Anadolu’ya ilk akınları yapan Türkler, Batı Hunları’dır. Bu kitle Türkistan’dan göç ederek Karadeniz’in Kuzeyinden Avrupa’ya doğru bir yol izlemişlerdir. Bu sırada önlerine çıkan Alan, Ostrogot ve Vizigotları yenip dağıtıp Avrupa Hun Devleti’ni kurmuşlardır. Bununla yetinmeyen Avrupa Hunları, Batı Roma ile Bizans’a seferler düzenleyip ele geçirmeye başladı (378). Daha sonra Balkanlar üzerinden Trakya’ya sefer düzenlediler. Hunların bir kısmı da Kafkasya’yı aşıp Anadolu’yu girmeye başladı (395). Erzurum, Karasu, Fırat, Malatya ve Çukurova’ya kadar geldiler. Ancak Urfa ve Antakya kalelerini kuşatmalarına rağmen almayı başaramadılar. Buradan Suriye’ye ve Kudüs’e yöneldiler ancak fazla kalmadılar. Sonra tekrar geldikleri yoldan dönerek kendi yurtlarına geri gittiler. Fakat akınlar burada sınırlı kalmadı. İki yıl sonra Bizans’ın içinde bulunduğu sıkıntılardan faydalanarak Anadolu içlerine tekrardan akınlar yaptılar. Fakat bu akınlar Anadolu’da kalıcı olmak için yapılmadı.5

Urfa Piskopusu Efraim Hunların Anadolu’ya yaptığı seferleri aynen şöyle tanımlar;

 

“Onlar Ye’cüc ve Me’cüc süvarileridir. Atları ile fırtına gibi uçarlar. Onlara hiç kimse karşı koyamaz.”6

Türklerin Anadolu’ya ikinci gelişleri Hunlardan sonra Sabar yada Sibirler denilen Türklerle olmuştur. Öncelikle Hunlara bağlı olan Sabarlar sınırlarını Doğu Avrupa’ya doğru genişleterek bağımsızlıklarını kazandılar. Öncelikle Sasaniler ile bir ittifak kurup Bazans’a saldırıp Kafkasya’nın Güney’ine kadar olan kısımları aldılar. Bunu izleyen süreçte Azerbaycan üzerinden Anadolu’ya giriş yapıp Doğu ve Orta Anadolu’ya harekatlar düzenleyip ganimetler elde ettiler. Kayseri, Konya ve Ankara’ya kadar ilerleyip tekrar aynı yoldan geri döndüler. (Sevim, 2000, s.14)
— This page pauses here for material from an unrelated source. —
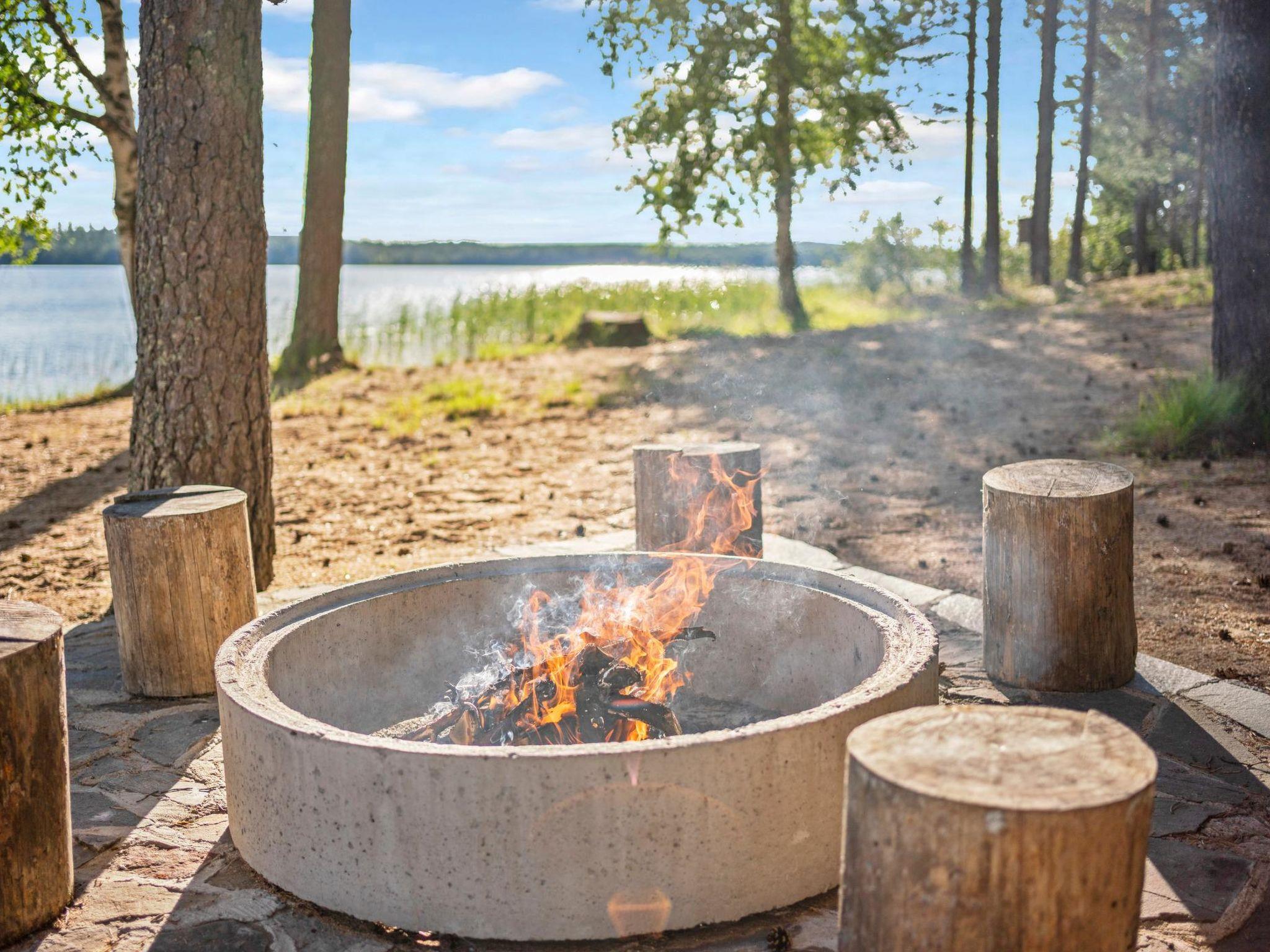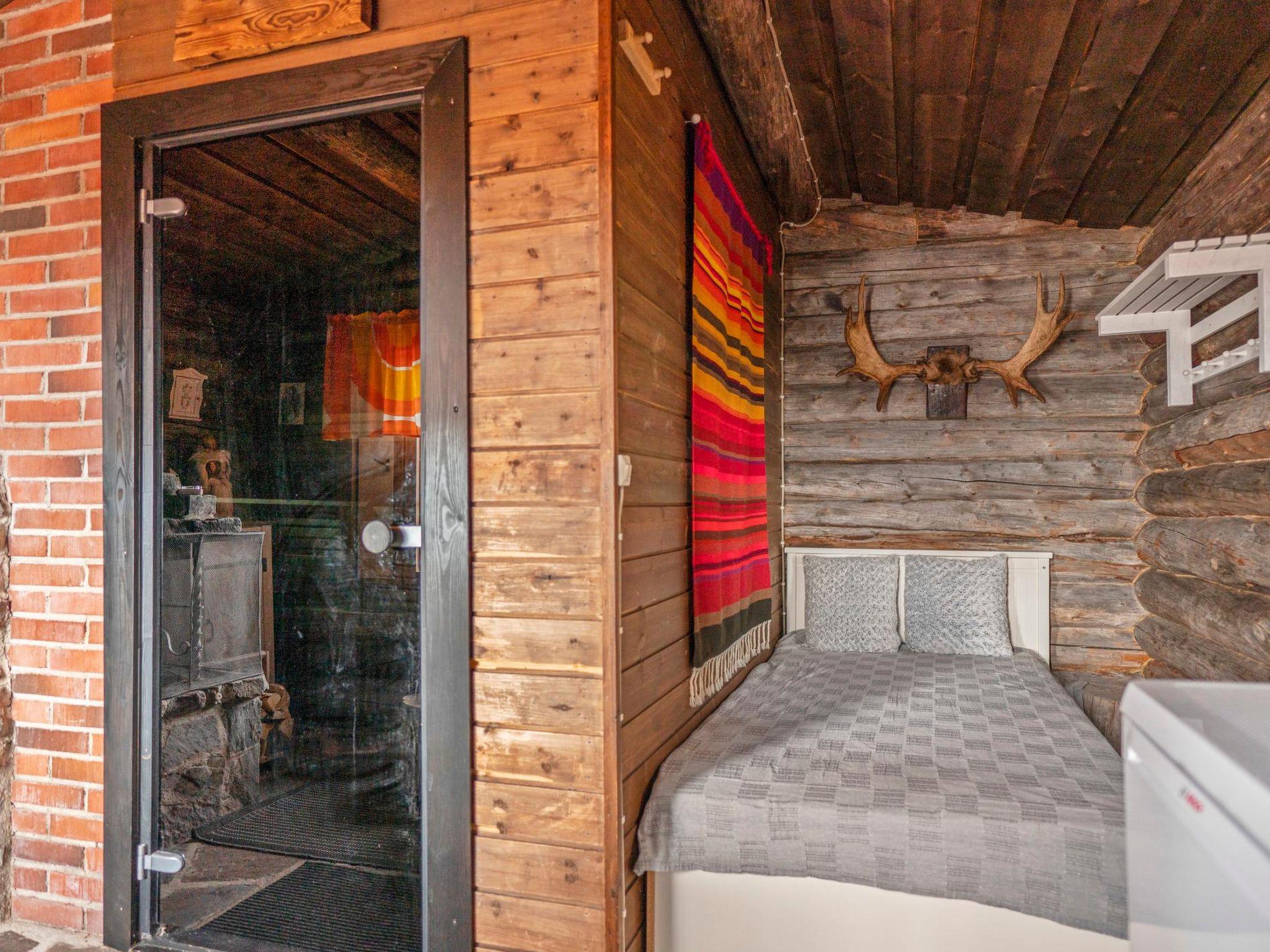 Lakeside sauna with steam room and fireplace room. 1 bed in the fireplace room. Lakeside sauna is renovated in 2020. The sauna has a shower in the steam room, electric light and electric heating. In the fireplace room, there is a refrigerator.

Bunun yanı sıra Anadolu’ya giren bir diğer Türk Boyu ise Hazarlar’dır. Bizans’a karşı akınlar yapıp Anadolu’ya girip bölgedeki Arap Emirliklerini yıkmıştır. (Güzel ve Seferoğlu, 1986,s.38) Anadolu’ya sadece Kafkas bölgesinden değil Balkanlar üzerinden gelen Türk göçleri de vardır. Balkanlarda gelen Türklerle ilgili kısmı konunun bütünlüğü açısından Abdullah Kaya’dan naklediyoruz;

“530 yılında Bizans tarafından bozguna uğratılan Bulgar Türklerinin bir bölümü, Anadolu’ya geçirilerek Trabzon havalisi ile Çoruh ve Yukarı Fırat bölgelerine iskân ettirilmişlerdi.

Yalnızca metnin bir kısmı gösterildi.